I think most singing characters are animated without enough tension in their bodies and I think it's because we haven't understood this properly.
(3/11) By way of example, I want to analyze this clip of @benSPLATT singing Somewhere at the Grammys. The whole thing is phenomenal, but I want to focus on the section from 1:08-1:22.

(4/11) Inhale:

-This whole section is done on one breath. Physicality changes as we get further away from the breath.

-A proper singing breath starts low and expands the stomach. If we start low, we can transition to a shoulder breath by the end of the song to show change.
(5/11) Push & Torque

Push: the neck pushes forward and the head lifts. Usually the chest is rotating back slightly and the hips are rotating forward.

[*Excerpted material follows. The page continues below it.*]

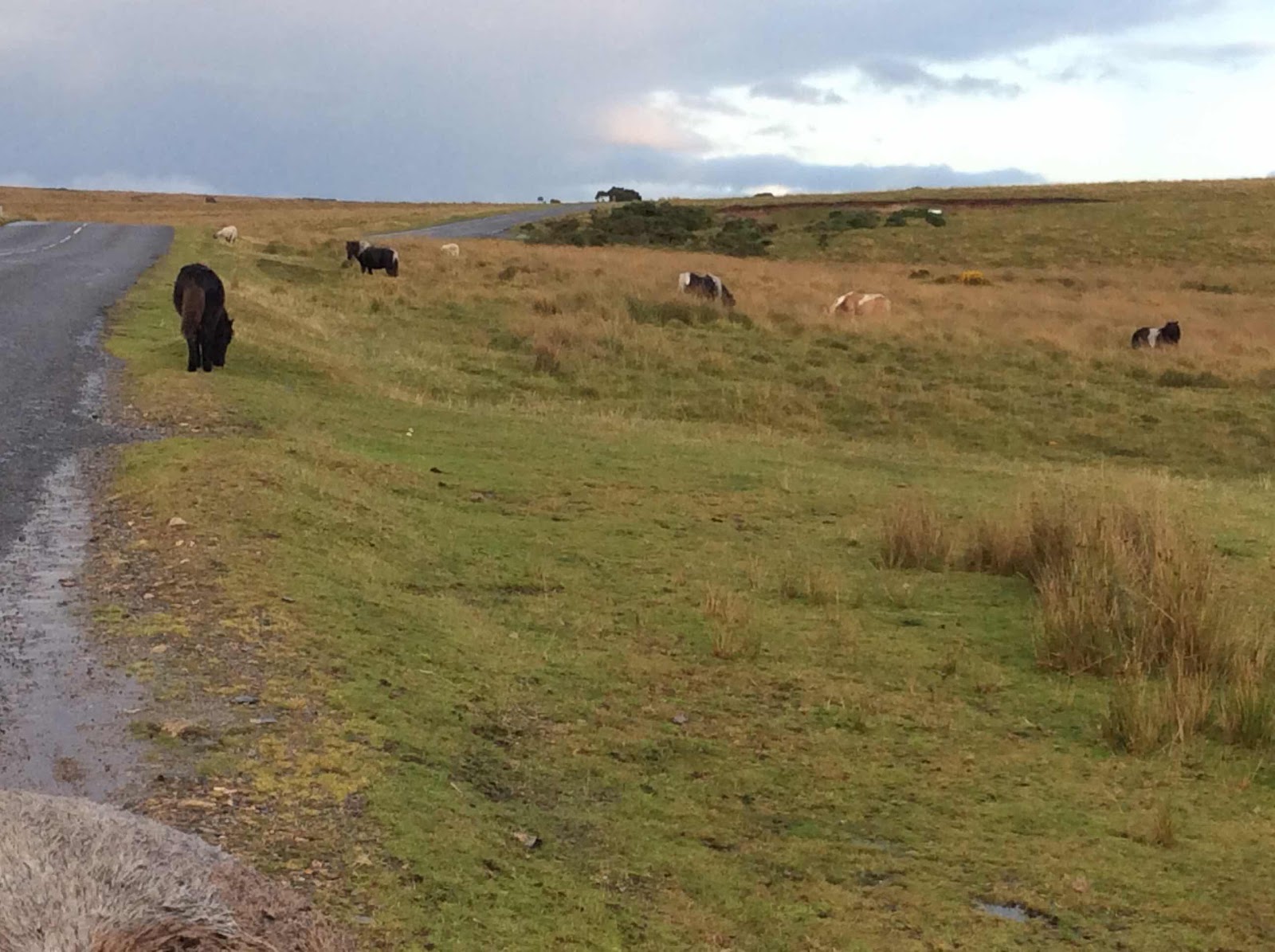 On the way to wide open moors we drive through forested countryside. Hedges, ivy covered walls, no shoulders, curves you can’t see around, one-lane stone bridges, passing vehicles that don’t slow down or move over on those tiny roads. That was the drive to Princeton in the National Park of Dartmoor. But we also saw sheep, lots of free-roaming sheep. And ponies, herds of free roaming ponies. They have been there since about 2000 BC. The Romans used them for chariot horses. The native breed is solid colored, but much outside blood has been introduced over the centuries, so pinto, and Shetland-sized ponies, and touches of Arab blood are evident.

Torque: tilt + twist. Look at head rotating against shoulders. Like tightening a spring where the release is the exhale/inhale.
(6/11) The torque may change direction while holding a vowel sound, but singers pretty much always push and ease through a whole vowel. Stop pushing, stop moving, or cut this off too soon and you show the audience that you're faking it.
(7/11) Then, a relax/anticipation on the consonant to start.

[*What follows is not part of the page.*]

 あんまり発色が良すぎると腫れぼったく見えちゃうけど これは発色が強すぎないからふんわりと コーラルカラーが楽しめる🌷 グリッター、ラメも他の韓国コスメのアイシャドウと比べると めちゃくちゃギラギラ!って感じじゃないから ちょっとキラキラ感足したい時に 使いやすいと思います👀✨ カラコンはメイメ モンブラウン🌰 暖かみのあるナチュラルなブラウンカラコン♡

This section also adds a squeeze, where we see the shoulders come up to support the torque. This is another way of adding tension and showing that a character is WORKING to sing.

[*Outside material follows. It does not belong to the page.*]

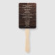 Hochzeitsfeierprogramm/Zeremoniell von Hand-Fans in einem rustikalen dunkelbraunen Holz mit cremefarbenem Text. Dazu gehören das Zeremoniell, die Namen der Eltern der Braut und des Bräutigams, der Beamte, des Brautparty und anderer Teilnehmer. Kontaktieren Sie uns für Hilfe bei der Anpassung oder der Anpassung von Produkten.

Again, easing through the vowel.
(8/11) To my original point, as we progress away from the breath, we see more tension:

-Antics start to get smaller
-Working harder to get push/torque (see neck/face tension)
-Parts of the body move more as a unit and there is less offset drifting of parts against one another
(9/11) As with the last section, everything is becoming tighter. Antics are smaller, pushes and torques are effortful and holistic.

Because the relaxes are getting smaller, the pushes are compounding without being reset and there is an overall progression forward.
(10/11) These last two accents are the tightest of all, with barely any anticipation or drift of parts against one another. We have made meaningful progress forward and next will come a new breath.
(11/11) Keeping this physicality in mind lets you use the physicality of singing to heighten the emotion. The choice to do this all in one breath is a CHOICE and has a different emotional impact than breathing elsewhere.

Thank you for coming to my TED talk.